You're the first one here. We haven't quite figured this out yet but here are some ideas...
The rules are comprised of Markdown files in the rules folder, so they are mostly human readable, with each rule implemented as a code block. The code block might be missing if a rule is not written yet.
In fact this file is a valid rule set, so you could copy it to the rules folder, change the title at the top and you're good to go.
For slow operations, especially those which have a done
parameter, specify a timeout, in seconds.
Timeout: 5
To have the rule ignore some datasets, include some markdown like below, with the list of dataset ids to be ignored.
Dataset ids to ignore for this rule:
- IMI_EATL_WAVE
- some_other_dataset_id
A rule in the rules file is comprised of a level 1 heading with some textual description and a fenced javascript block containing a single filter type function. In practice the textual dexcription and fenced javascript block may be written by different people.
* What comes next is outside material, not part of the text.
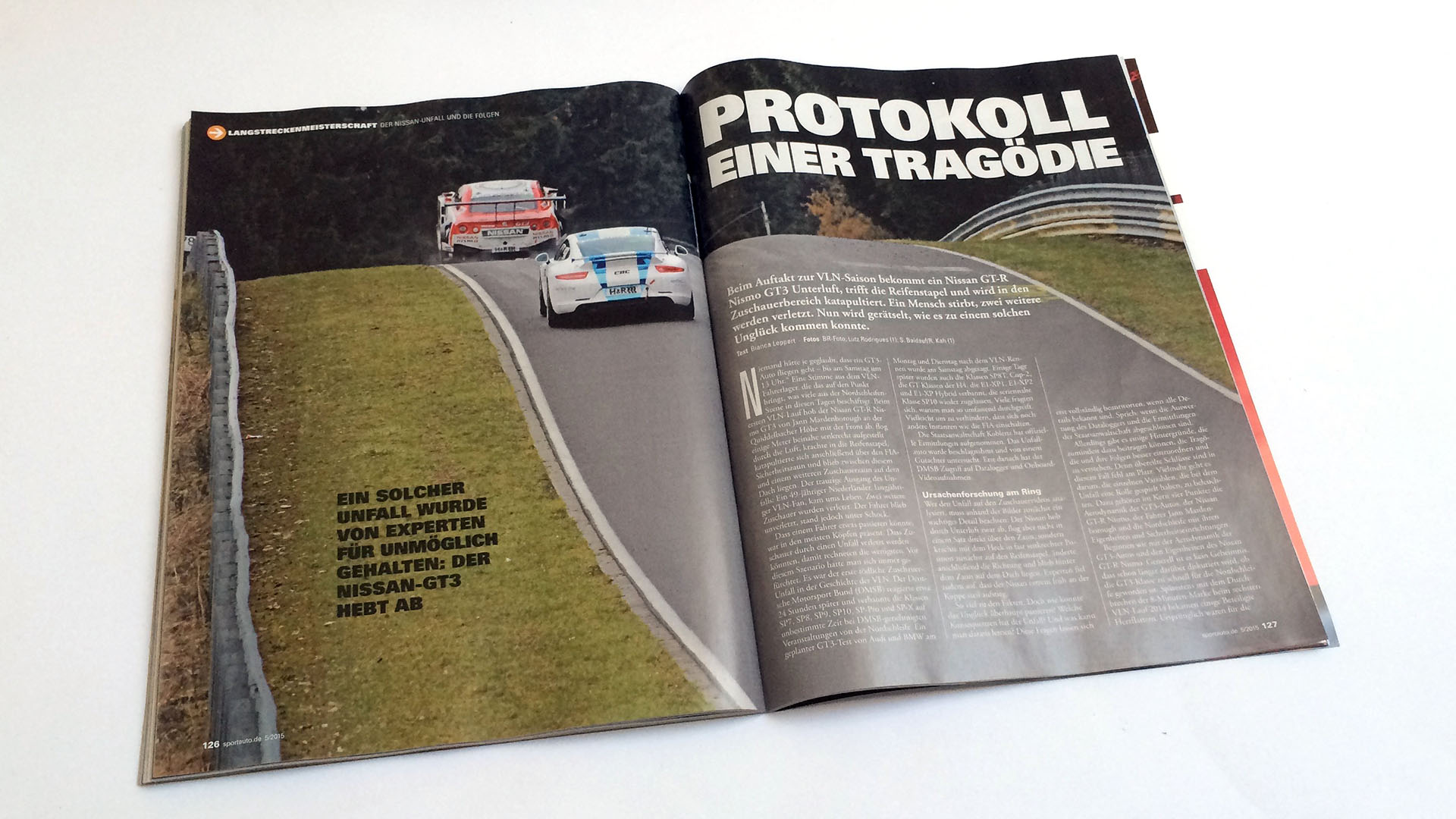 Im wie immer umfangreichen Motorsport-Teil der sport auto wird der Unfall des Nissan GT-R Pismo GT3 beim Saisonauftakt der VLN sehr kritisch untersucht. Im Fokus dieser Analyse stehen sowohl die Autos als auch der Nürburgring als Rennstrecke mit den neuralgischen Punkten. Wie groß ist die Gefahr eines Lift-Off bei den aktuellen GT3-Rennwagen und welche Streckenabschnitte des Nürburgrings können als besonders gefährlich eingestuft werden? Diese Fragen werden kompetent aufgearbeitet und auch die Rolle des Piloten gerade auf der anspruchsvollen Rennstrecken wird untersucht. Ein tolle Bericht über die Ursachen einer Tragödie.

The function receives a dataset or a variable, a dimension, attribute, for which it can return trueish if the dataset passes validation, and falsish if it fails. (A falsish value is false, zero, null or undefined. A truish value is anything not falsish). Alternatively, the function may use chai.assert to fulfill the test.
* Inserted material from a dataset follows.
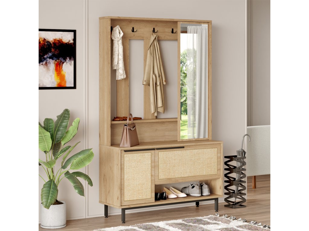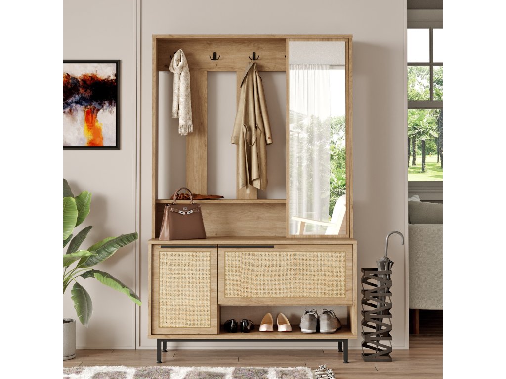 spojuje funkčnost a moderní estetiku. Věšáková stěna poskytuje prostor pro zavěšení kabátů a tašek, zatímco zrcadlo přidává do předsíně více světla a opticky zvětšuje prostor. Botník zajišťuje organizovaný a přehledný úložný prostor pro vaši obuv. Díky svému elegantnímu provedení se sestava hodí do každé moderní domácnosti.

Here's something neat: The parameter passed to the function is determined by the name of the function parameter.
Parameter Name | Value |
---|---|
dataset | Called once with object containing the full dataset metadata |
NC_GLOBALS | Called once with an array of NC_GLOBAL attributes |
NC_GLOBAL | Called once for each NC_GLOBAL attribute |
variable | Called once for each variable in the dataset |
dimension | Called once for each dimension in the dataset |
variable_or_dimension | Called once for each variable or dimension in the dataset |
station_name | Called once for each variable or dimension named station_name or having an attribute named station_name, including NC_GLOBAL |
ioos_category | Called once for each variable or dimension named ioos_category or having an attribute named ioos_category, including NC_GLOBAL |
(We will provide an editor that can be used to develop a rule set).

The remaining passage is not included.